Quick Hits & Updates 
A California Court of Appeal issued an opinion finding no merit to a lawsuit alleging that the City of Santa Monica's at-large elections system violated the California Voting Rights Act by diluting the Latino vote. The ruling reverses a lower court opinion that favored the plaintiffs and ordered the city to switch from at-large to by-district elections. The Court of Appeal noted that even if the city switched elections, the 30 percent Latino population would fail to win a majority.

Preserve Our Rural Communities, a grassroots organization in San Benito, has ended a ballot measure campaign for an initiative that would have overturned the city's decision to rezone 16 rural/agricultural zones to commercial zones. One of the bill co-sponsors cited the pandemic and "uncertainty about our economic future" as reasons to table the initiative.

Building on the success of Project Roomkey, HCD has announced a NOFA for $600 million in Homekey Funds. Homekey is the next phase in the state's response to protecting Californians experiencing homelessness who are at high risk for serious illness and are impacted by COVID-19. The funds will go toward purchasing and rehabilitating housing that can be converted into interim or long-term housing.

Three Palo Alto City Council members are requesting that the state reconsider its requirement that the Bay Area roughly double the number of housing units in the next RHNA cycle. The letter, which argues the process is moving too fast and that the numbers are too aggressive, responds to a June 9 determination by HCD that the Bay Area has to plan for 441,176 units between 2023 and 2031.

Coronado's bid to lower its RHNA allocation failed after five San Diego County jurisdictions voted down the city's appeal, with 55 percent voting against Coronado. The city was assigned 1,001 new housing units, up 2,000 percent from the previous cycles.

Sacramento County leaders dropped their plans to put a half-cent transportation sales tax on the November ballot after a poll showed the measure was unlikely to pass. Measure A was projected to raise $8 billion over 40 years for road and transit improvements. Officials cited the economic effects of the coronavirus pandemic and social unrest following police protests.
A controversial inspection plan for San Onofre's nuclear waste was given the green light by the California Coastal Commission. The approved inspection plan, which calls for 16 percent of the 73 storage containers to be inspected for cracks, means more than 1,700 tons of nuclear fuel will remain housed behind a seawall just off the coast.

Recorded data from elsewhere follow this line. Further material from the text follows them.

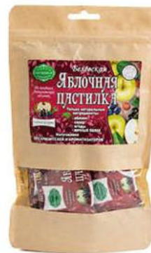
Пастилка БЕЛЁВСКАЯ яблочная, 175 г

279 90 39% ЭКОНОМИЯ Цена по карте 169 90
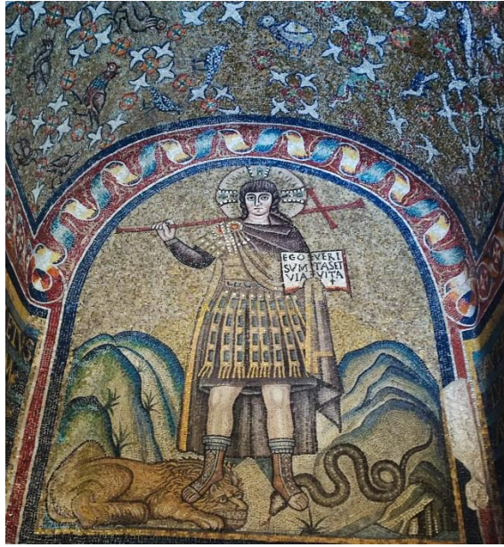
Görsel 2. Zafer kazanmış İsa tasviri, Ravenna'daki Baş Piskoposlar Şapeli, 6.yüzyıl ortaları.

Orta Çağ Hristiyan dünyasında hem Batı hem de Doğu'da üretilmiş olan resimlerde özellikle 9. yüzyıldan itibaren şeytan ve diğer kötü ruhların tasvirlerinde artış olmuştur. Bu dönemden itibaren şeytanın tasvir edildiği sahneler içinde en yaygın hale geleni Yeni Ahit'teki İsa'nın vaftizden sonra çölde şeytan tarafından üç kez denenmesi/ sınanması ya da ayartılmaya çalışılması olmuştur. 9- 15. yüzyıllar arasında Batı ve Doğu ve kiliselerinin resim programında bu sahne sıkça yer almıştır (Görsel 3).
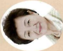
参議院議員 チームしが代表 嘉田由紀子
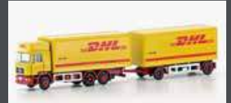
LC4607 MAN F90, 3-ACHS KOFFER-HÄNGERZUG DHL
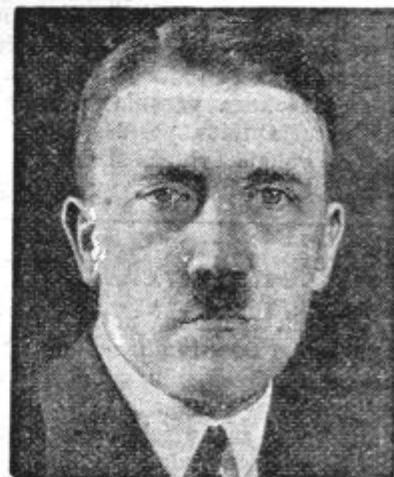
Nemški kaneclar Adolf Hitler. Okrog njegove osebe se danes suče nele vprašanje politike v srednji Evropi, ampak tudi vprašanje vojne in mira.

Kmetjski list najboljši prijatelj slovenskega kmetjskega človeka. Čitajte, priporočajte in širite ga povsod.
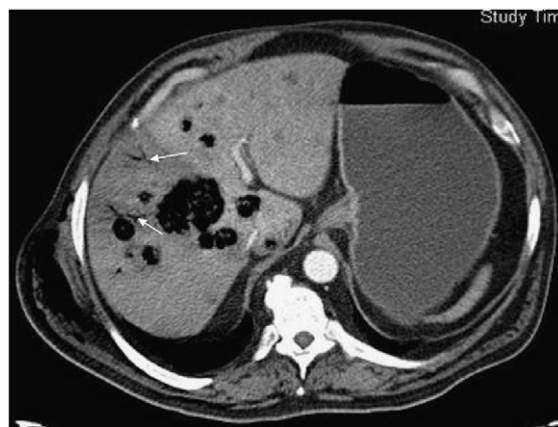
Figura 2 Tromboflebitis portal (flechas).

Varón de 54 años de edad, diabético, que presenta lesión indurada a la altura del glúteo derecho que el paciente relaciona con lipoma probablemente sobreinfectado. Destaca crepitación a nivel cutáneo que abarca desde tercio distal de ambas extremidades inferiores hasta el hombro y la zona interescapular derecha. Se realiza tomografía toracoabdominal en la que se observa enfisema subcutáneo desde ambos miembros inferiores, que se extiende por la pared abdominal derecha, afecta el miembro superior del mismo lado y alcanza la pared torácica posterior (fig. 1). Presenta el hígado aumentado de tamaño con hipodensidad bien delimitada a la altura del lóbulo hepático derecho (indicativo de trastorno vascular) y múltiples lesiones focales, la mayoría de densidad líquida; algunas de éstas tienen abundante aire en su interior. También se visualiza aire intravascular a la altura de las venas ilíacas, que se extiende hacia la vena cava inferior y el sistema portal, compatible con tromboflebitis (fig. 2). El paciente presenta muy mala evolución y fallece a las pocas horas en situación de shock séptico y fallo múltiple orgánico.
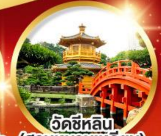
วัดซีหลิน (สวนหนานเท่ลิยง)
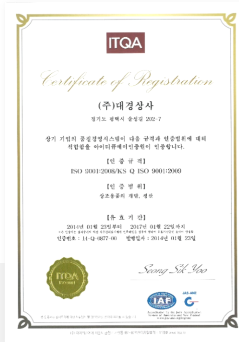
ISO 9001 공장 환경경영시스템 인증
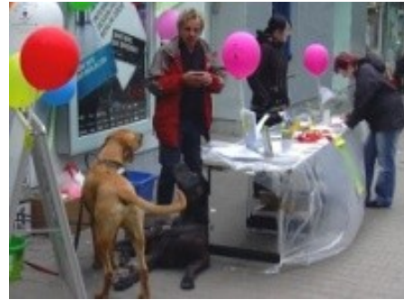
Abbildung 5: Unterschriftensammlung mit der Tiertafel vor den Treptower Festtagen

Auf der Mitgliederversammlung am 2. Juli 2009 hat der Verwaltungsrat die Gründung der Arbeitsgruppe Grunewald beschlossen. Anlass der Gründung waren einige Berichte in den Medien, die Sanktionen gegen Hundehalter im Auslaufgebiet andeuteten, vor allem aber auch der ab Ende Mai neu gezogene Zaun um einen Teil des Uferbereichs am Grunewaldsee. Diese Maßnahmen führten zu großem Unmut unter den Hundehalterinnen und Hundehaltern.
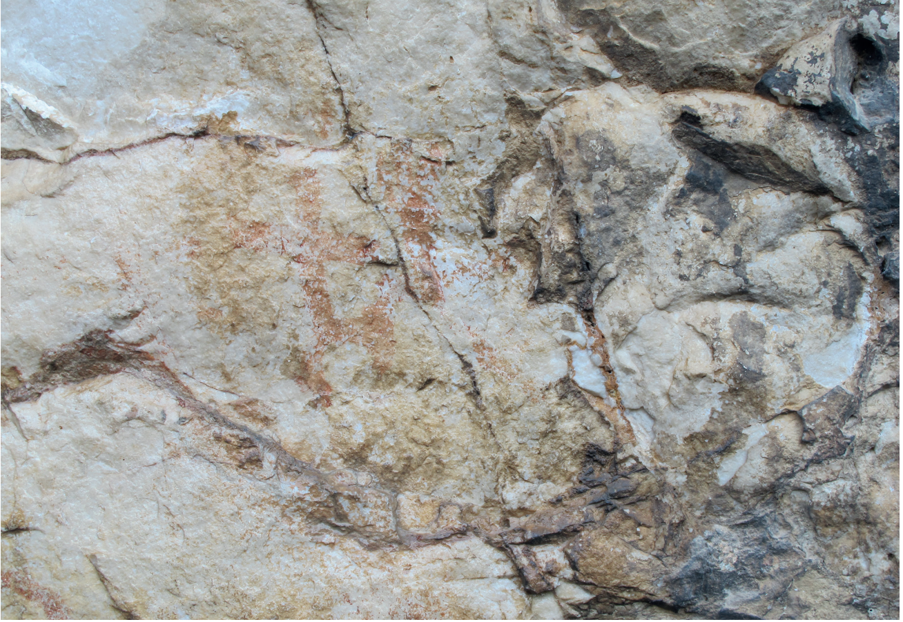
Res. 13. Tavabaşı Aşağı Mağara Cephesindeki 9. Resim Kümesi: Yalnız İnsan Tasvirleri / Human Figures in Group 9 on the Façade of Lower Cave.

Sekiz numaralı küme içerisinde yer alan ve yüksek tutulmuş boyutuyla diğerlerinden ayrılan figür belirgin kafa yapısı, iri betimlenmiş gövdesi, yanlara açılan yay biçimli kolları ve ellerinde tuttuğu spiral formlu sembollerle (yılan?) diğer insan betimlemelerinden ayrılmaktadır (Res. 10). Erkek anlatımları olarak yorumlanan diğer resimlerden belirgin biçimde ayrılan bu figürün bir kadın betimlemesi olması olasılığı yüksektir. Ayrıca figürün boyutunun diğer örneklerden daha büyük tutulması ve konum olarak da resim kompozisyonunun en sağında yer alarak diğer anlatımlara yönlendirilmesi tanrısal bir karakterde olmasıyla açıklanabilir. Diğer yandan özellikle altıncı kümeden sonra betimlenmiş insan ve insan-hayvan anlatımlarının bu figüre doğru yönlendirilmiş olmaları da oldukça dikkat çekicidir.
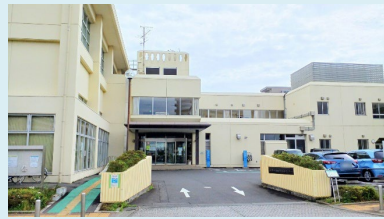
④西白井複合センター 〒270-1435 白井市清水口1-2-1
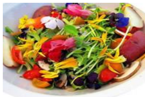
Figura 23 – Althaea officinalis usada em saladas.

https://universodasflores.wordpress.com/2013/12/19/a-planta-marshmallow/
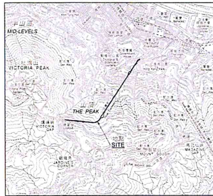
比例 SCALE 1:20 000
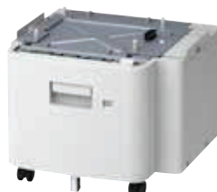
Bandeja 2.000 folhas Código: 45393301
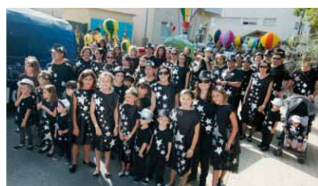
Barri de la Raval
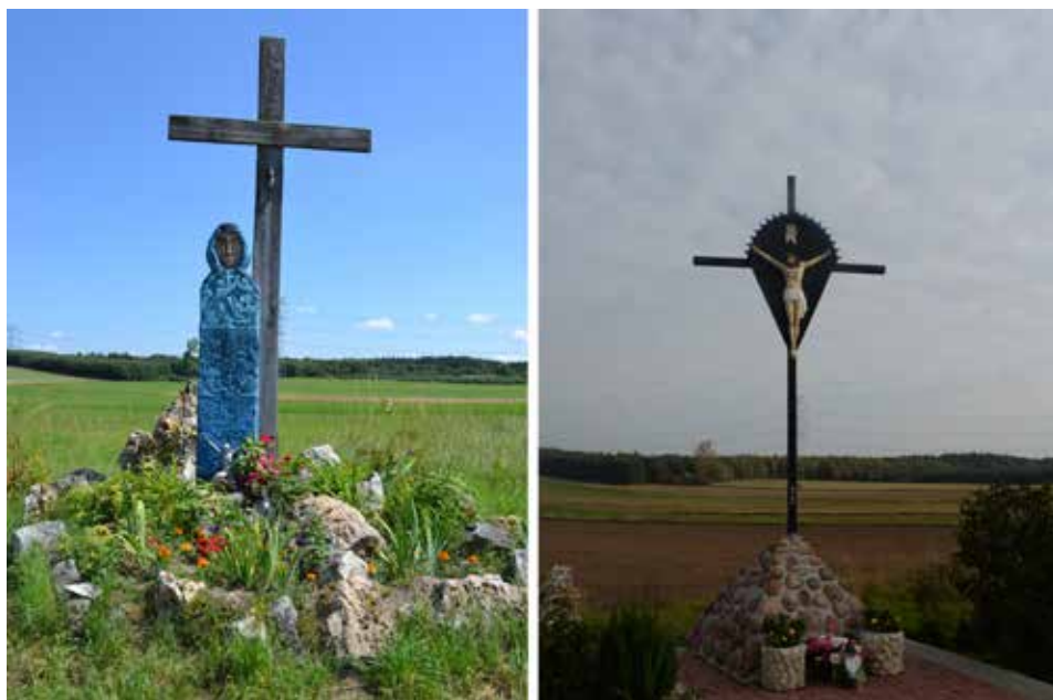
Ryc. 5. Figura Matki Boskiej o twarzy jasnogórskiej Madonny oraz krzyż z wizerunkiem Chrystusa. Widok od strony zachodniej w czerwcu 2016 roku oraz to samo miejsce w październiku 2022 roku

Natomiast figura Madonny z towarzyszącym jej prostym krzyżem, usytuowana na szlaku pielgrzymim w Zawadzie w gm. Mstów, zastąpiona została ozdobnym krzyżem na cokole (ryc. 5), zapewne w wyniku problemów, które wynikły przy renowacji pierwotnej rzeźby (Krupa-Ławrynowicz, Ławrynowicz, Rak, Nita, Gadowska, 2019, s. 225–230). Mimo tak różnych przemian i zamian wspomniane obiekty zachowały swoją pierwotną funkcję religijną.
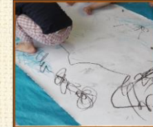
巨大シートお絵かき
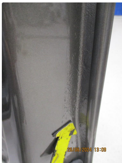
1.2 Korrosjon Innv. fals h.fordør.
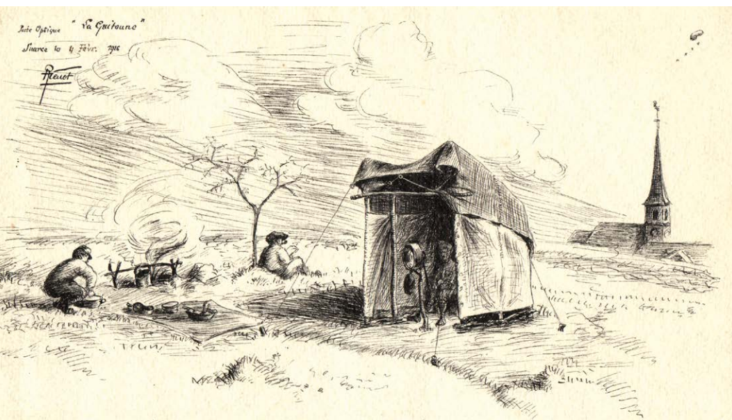
2. Robert Menot [Rob d'Ac], La Guitoune , dessin noir et blanc, 4 février 1916. © Les Amis de Rob d'Ac.

le magasin est tenu par l'épouse, tandis que le dessinateur s'installe sous l'escalier menant à l'appartement à l'étage. Toujours dessinant, il croque cyclistes du Tour de France, escrimeurs, pilotes de la course de côte de Laffrey, rugbymen du FCG (Football Club de Grenoble) et, dans le journal Les Alpes sportives , sont publiées ses caricatures de boulistes en plein concours. Ayant trouvé pseudonyme et logo (fig. 3), il se fait connaître comme « dessinateur d'art publicitaire, affiches, création de marques, dépliants, catalogues, annonces, tous dessins de publicité, chercher et trouver des idées qui vendent! ». C'est acté : le dessinateur et publiciste a définitivement pris le pas sur l'ingénieur.
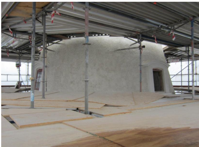
Lorrisloftet og ovenpå ligger Hatloftet
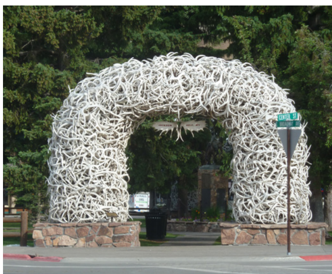
Photo 56. Arches en bois de wapitis à Jackson (Wyoming), © P. RABAUTE
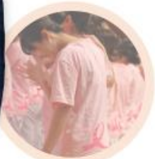
ピンクリボンプロジェクト
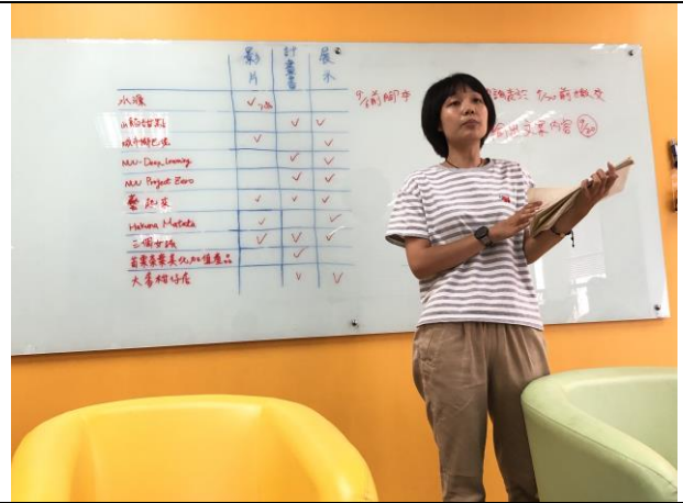
第二階段執行團隊工作會議
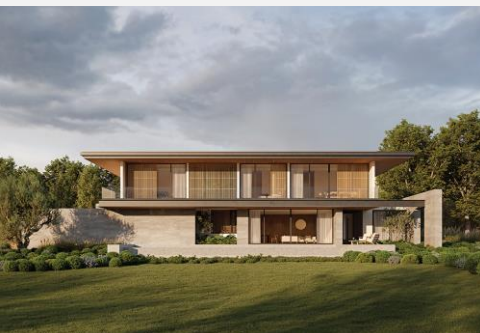
แบบบ้าน Linear House
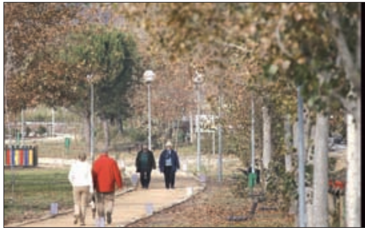
En mayo predominará el polen de las gramíneas

Este mes finaliza una época de arizónicas, muy frecuentes en los setos de urbanizaciones, parques
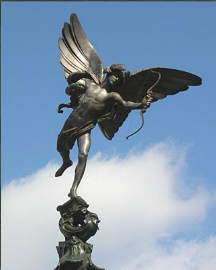
➤ Alfred Gilbert, Ерос, 1893, Лондон.

Sacramento's housing authority has agreed to pay $7,500 for violating the Fair Housing Act under a settlement agreement with the U.S. Department of Housing and Urban Development. The agreement resolves allegations that staff acted unlawfully when they delayed installing grab bars in a unit in response to the tenant's request. Agency employees will undergo mandatory training on fair housing as part of the agreement.

In a blow to the Trump administration, a federal district court judge ruled that California's cap-and-trade agreement with Canada's Quebec province is constitutional. The decision said the Trump administration had "failed to identify a clear and express foreign policy that directly conflicts with California's cap-and-trade program." The agreement between California and Quebec to link markets that aim to cut greenhouse gas emissions dates back to 2013.